普通な私は原作の流れに沿って、アーシアちゃんのヒーリングをみんなで見て教会に案内しました。
今日の夜は最愛ちゃんが戦闘します。クロナさんの垂れ込みでバイパー?なるはぐれ悪魔をオカルト研究部で狩に行くようです。
場所は特定しているのでアウトローな最愛ちゃんはそこでスタンバイします。
現場にORTさんが空想樹の種子を隠蔽して置いてありますのでテレビに写してバンビエッタさんと視聴します。クロナさんは参戦します。場合によっては最愛ちゃんと戦闘になるかもしれません。
初めて会った最愛ちゃんはORTさんの空想樹の種子1つに負けてしまうほど弱かったです。バンビエッタ様と訓練や実戦をして強くなったとも聞いてますが最愛ちゃんには無理に戦って欲しくないです。私と一緒に平穏な暮らしをしてもらいたいです。
「バンビエッタ様、バイパー?に最愛ちゃんは勝てますか?」
「贔屓目に見ても難しいわよ。あとバイザーね」
「厳しい戦いになるんですね」
「魔法戦にならなければ最愛の蹂躙で終わるわ。もし無様に負けたら、今まで以上の教育をしてあげる」
「ほどほどにして下さいね」
確かに最愛ちゃん肉弾戦は強いですからね。序盤のキャラ紹介用のバイザーでは魔法戦する前に詰め切って倒しそうですね。
バイザーと戦うことを喜んでいたのは原作キャラと戦えるのが嬉しいのか弱い者イジメにでも目覚めたんですかね。
テレビに映る廃墟のドラム缶に座る最愛ちゃんの腰についているペロロ様ストラップが今日も可愛らしいです。
しばらく、最愛ちゃんが缶ジュースを飲んでいましたら空間が歪み始めました。
歪んだ空間から歪に大きな体で女性の上半身と獣の下半身で10メートルはある化け物が出てくる。これがバイザーですか。
転生してから何度もはぐれ悪魔や化け物に遭遇しましたが普通にこの町は治安が悪いですよね。悪魔の領地じゃないんですか?
会うのは雑魚ばかりで私でも一撃で消し飛ばせます。多分、私ならバイザーも一撃で終わりですね。
「美味そうな匂いだ、若い女の匂いだ」
「超鼻がいいですね」
バイパーの瞳がギョロリと最愛ちゃんを捉える。
「逃げないのか? 人間?」
「気にしなくても良いですよ。超意味ないんで」
最愛ちゃんの右ストレートがバイザーの腹に食い込み、巨体が浮き上がり勢いよく壁にめり込む。
「思ったより超弱いですね」
「舐めるな人間」
バイザーも負けじと瓦礫を吹き飛ばして、地面を踏み砕き、最愛ちゃんとの間合いを詰め、大きく拳を振り上げて殴り続けます。
最愛ちゃんは防御姿勢になって防ぎますがバイザーの拳は不自然に最愛ちゃんに当たるギリギリで見えない壁に阻まれる。
余裕そうでしたが超能力は使うんですね。オカルト関係なく接近戦と自分の土俵ですから優勢ですね。
超能力が魔法や神秘の不思議エネルギー方面に耐性があれば私たちの中で最弱にならなかったんですかね。

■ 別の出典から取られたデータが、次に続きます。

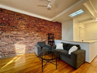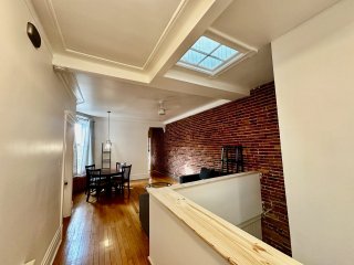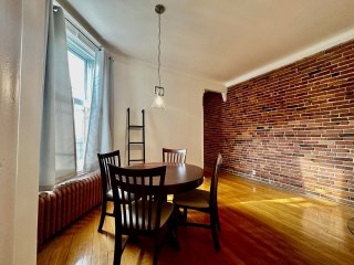- Intérieur : Murs de brique exposée et planchers de bois franc ajoutant du caractère et de la chaleur.
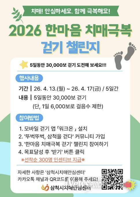 뉴스펀치 조평훈 기자 | 삼척시보건소 치매안심센터가 치매 예방에 좋은 ‘걷기’를 실천해 치매에 대한 인식을 개선하고 치매 극복을 기원하기 위해 오는 4월 13일부터 17일까지 5일간 '2026 한마음 치매극복 걷기 챌린지'를 운영한다.

装備で強くしようにもとあるシリーズの超能力者のため、下手に魔術や魔法で直接強化すると最愛ちゃんは死ぬ可能性が有るので使えないんですよね。
「お前は痛めつけて痛めつけて意識がある状態で食ってやる」
「そんなセリフb級映画でも超聞きませんよ」
余裕たっぷりに防御姿勢を崩して最愛ちゃんはバイザーに向かって前進します。
「何なんだよ!お前」
「超普通の超能力者ですよ」
バイザーのラッシュを綺麗にかわして最愛ちゃんはジャンプしてバイザーの首に蹴りを入れてへし折りました。避けるなら最初っから避けておけば楽なのに。
バンビエッタ様の予想通りで肉弾戦メインでしたので苦戦もなく終わりましたね。
「貴女ここで何をしているの!」
最愛ちゃんに呼びかける声が戦闘が終わり静かになった廃墟に響いた。
バイザーと最愛ちゃんを中心に撮っていた種子のカメラが切り替わり、廃墟の入り口で綺麗に整列したリアス・グレモリー先輩たちがいた。クロナさんは隠蔽してる種子に手を軽く振っている。